Aaron Fisher wrote, directed and stars in a pretty convincing portrait of manic depression in “Inside the Rain,” a “finding yourself/finding love” romance staggered by cliches and delusional missteps.
The director Fisher gives the actor Fisher places to shine. The screenwriter Fisher doesn’t provide enough of those places, or share enough of them with the supporting cast.
We meet Ben Glass, 25, as he starts college. He’s on a lot of meds. He’s had a lot of problems. He sees a shrink (Rosie Perez, testy and adorable) regularly. And he’s in the habit of augmenting his meds with vodka-energy drink cocktails to take the edge off.
First day in film class is how we learn he is “literally bi-polar.” “ADHD, OCD, borderline personality disorder…You name it, I have it.”
His self-description to his classmate, Daisy (Katie Claire McGrath) is what gets him into trouble. His illness makes him “recklessly extravagant.” That’s all it takes for her to ignore his “on the spectrum” weirdness, his resting-mental-case-face and his tank-top oriented wardrobe and sleep with him.
Her “You need to go now” post-coitus sends himself into a tailspin — a suicide attempt. He guilts her in the process, she over-reacts (not really) and the school is ready to kick him out.
“I’m going to make a movie to show what REALLY happened!”
If you’re saying “How lame is that?” you’re not alone. But the student filmmaker making a movie about his struggles element is mostly-consigned to the frustrations of fund-raising, the odd cameo of “a Hollywood producer” low-life (Eric Roberts) who is friends with his Dad (Paul Schulze), and casting.
Ben wants this “model” who serves as a literal sushi bar — they serve fish on her naked (fig leaves) body — at the local strip club to star in his film. Emma (Ellen Toland of “The Chaperone”) just wants “somebody to take me seriously.”

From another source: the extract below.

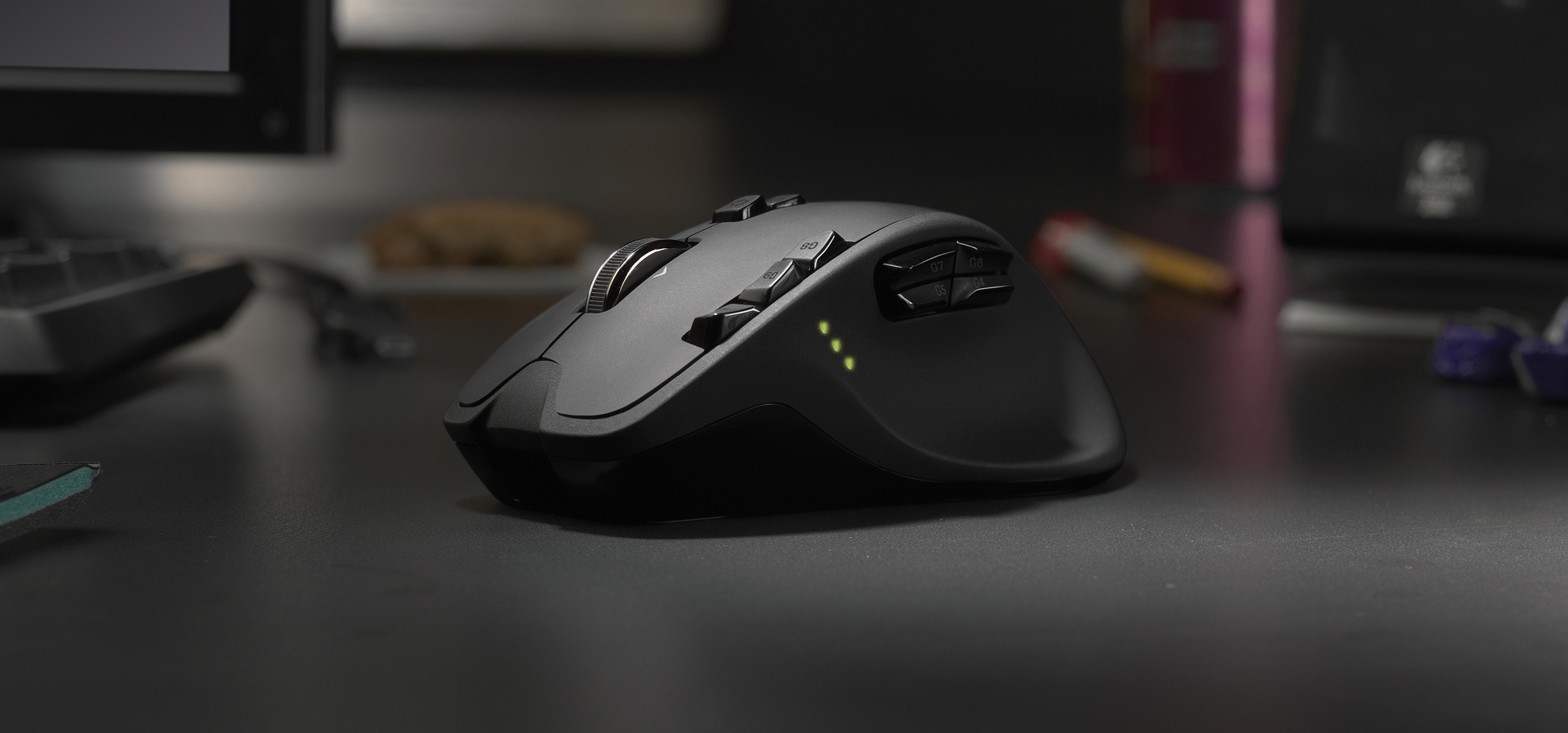 The Wireless Gaming Mouse G700 was developed to meet the growing demand of computer users for online games. They need comprehensive control functions which can be adapted to their own preferences. For this reason, particular attention was directed to the design of the control keys. Each detail of the operating elements conveys a high degree of control and comfort. This allows players to precisely reach the intelligently placed keys without having to take their eyes off the screen. The four thumb control keys located on the left side are one of several innovative features. Even when the thumb is resting on all four keys at the same time, each single key can still be controlled individually. Another important feature is the quick-charge function of the mouse. It is equipped with a rechargeable battery that can be charged via a cable even while in use.

Ben and Emma hang out, try to crowdfund his movie and cope with his mood swings. He’s hellbent on fighting this college disciplinary thing, refusing to take his meds if Dad doesn’t hire him a lawyer, hellbent on making this movie, determined to use his paintball team as his crew.
Fisher’s scenes with Perez are the ones with the pop to them — feisty, light-hearted exchanges with her promising to “cure you within six weeks” (No psychiatrist would EVER say that.), him nursing delusional depression or manic “highs” where “I’m THE MAN” applies to paintball, movie-making or dating a model/stripper WAY out of his league.
Ben’s confession that “I SHOULD feel sorry for myself,” his “This happens a lot, honestly” to the young woman he texted his suicide note to, even his turning on his phone to play Emma a song as he walks her to her car, all feel like real moments trapped in a movie that can’t quite get out of its own way.
Toland, Perez, Roberts and Schulze are the most polished performers here. Fisher, being unknown, has an amateurish authenticity that works in the character’s favor if not the story’s.
The trite — Roberts’ cameo is pointless, the paintball thing is straight out of “The Big Bang Theory” — overwhelms what could be interesting in this scattered romantic dramedy that takes a Bob Dylan lyric from “Just Like a Woman” as its title.
And all that title does is highlight how much more on-the-money the soundtrack is than the movie it underscores.
MPAA Rating: unrated, sex, nudity, profanity, substance abuse
Cast: Aaron Fisher, Ellen Toland, Catherine Curtin, Paul Schulze, Rita Raider, Eric Roberts and Rosie Perez.
Credits: Written and directed by Aaron Fisher. An Act 13 release.